Hundreds of large flashes have been captured on camera reflecting off our planet, and they’ve helped NASA solve a mystery that stumped the likes of Carl Sagan more than two decades ago.
These flashes are so bright that they can be seen from space, and they were thought to be caused by sunlight reflecting off the ocean’s surface. But then NASA began spotting them on land, and no one could say why.
“We found quite a few very bright flashes over land as well,” says Alexander Marshak from NASA’s Goddard Space Flight Centre.
“When I first saw it I thought maybe there was some water there, or a lake the sun reflects off of. But the glint is pretty big, so it wasn’t that.”
The famous astronomer Carl Sagan first noticed strange flashes of light in images of Earth taken by the Galileo spacecraft in 1993.
The unmanned space probe had been launched four years earlier to study Jupiter and its moons, but Sagan and his team decided to use one of its flybys past Earth to look for signs of life on our own planet.
The idea was that if he could detect signs of life on Earth from space, any undiscovered extraterrestrial neighbors could do the same and know that our planet was inhabited from afar.
They discovered large glints of light reflecting like mirrors in Galileo’s images, but he could only find them in certain areas of the planet covered in water.
“Large expanses of blue ocean and apparent coastlines are present, and close examination of the images shows a region of specular [mirror-like] reflection in ocean, but not on land,” the team reported at the time.
It came as quite a surprise, then, when 24 years later, NASA detected 866 bursts of light between June 2015 and August 2016, all of which originated on Earth.
You can see them in the video below, which was captured by NASA’s Earth Polychromatic Imaging Camera (EPIC) onboard NOAA’s Deep Space Climate Observatory (DSCOVR):
When the NASA team compared the old Galileo photos, they discovered that Sagan and his team had overlooked an important detail: those strange reflections had also appeared on land during that survey.

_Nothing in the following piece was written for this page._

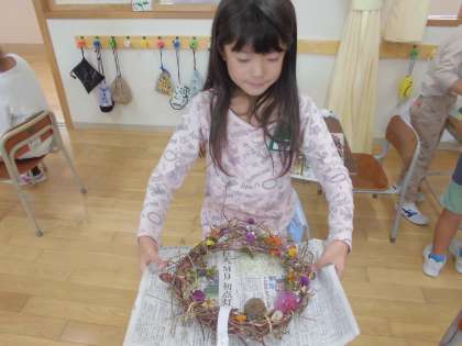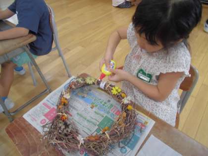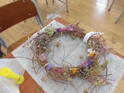 今日は、前回つくったリースに飾り付けをしました。あらかじめつくっておいた色とりどりの押し花や拾ったまつぼっくりなどをボンドでリースにくっつけて、素敵なあさがおリースが完成しました。
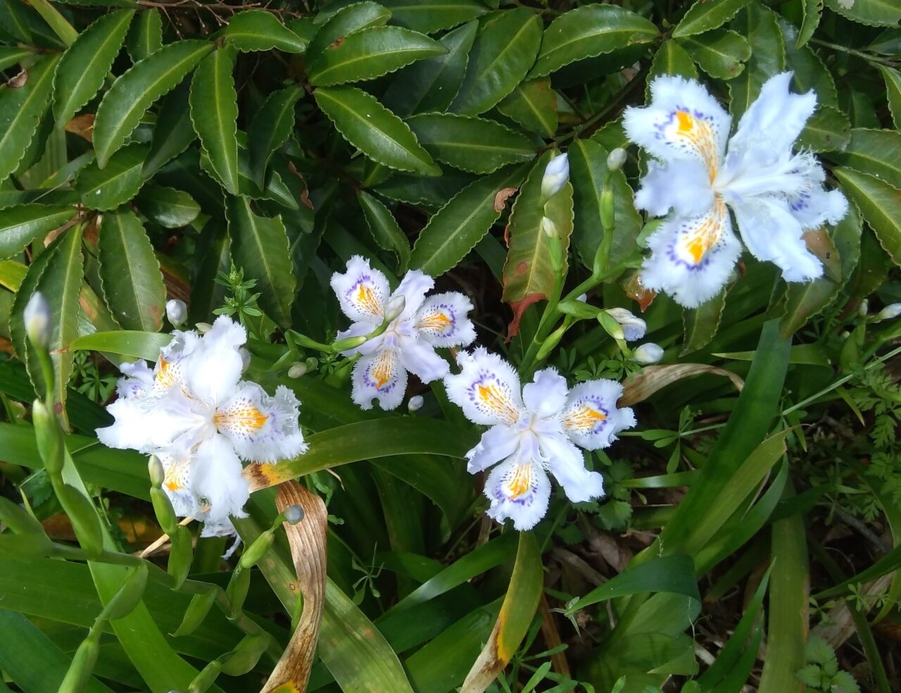 果樹園から母屋の前庭にかけてシャガの花が咲いてきました。

Marshak and his team were tasked with explaining this strange phenomenon, so they cataloged and mapped all known flashes over land from Galileo and EPIC images.
They hypothesized that if the glints were caused by reflected sunlight, they would only appear in certain parts of the world – places where the angle between the Sun and Earth was the same as the angle between the spacecraft and Earth, allowing the spacecraft to pick up the reflected light.

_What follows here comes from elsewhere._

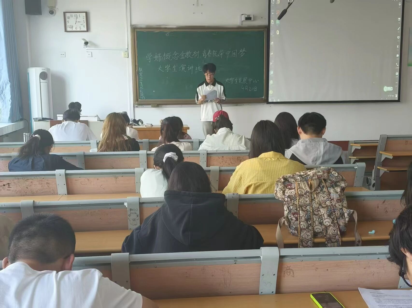 4月20日,成人漫画 于东校区1#305举办“学好概论金教材 青春托举中国梦”演讲比赛,2024级共20名同学参赛。

That pattern did emerge, and it helped them rule out one possible cause of the glints: lightning.
“Lightning doesn’t care about the Sun and EPIC’s location,” says Marshak.
To determine what the sunlight was reflecting off, the team proposed that water is still the culprit, but this time up in the atmosphere rather than on the surface.
Using EPIC data, they were able to pinpoint the source of the glints, narrowing it down to 5 to 8 km (3 to 5 miles) above the surface, where cirrus clouds full of ice crystals hang.
The numbers in the EPIC and Galileo images matched perfectly when they modeled the direction of sunlight reflecting off hypothetical ice crystals that happened to be floating in the air on a horizontal angle.
“The source of the flashes is definitely not on the ground. It’s definitely ice, and most likely solar reflection off of horizontally oriented particles,” says Marshak.
Because the study has not yet been peer-reviewed, certain aspects of the discovery may change once it has been independently verified.
However, the researchers are now investigating how common these horizontal ice crystals are, and if they’re having any significant impact on how much sunlight is being reflected through our atmosphere.
And at least we now know one thing for sure – these aren’t the signs of life Carl Sagan was looking for.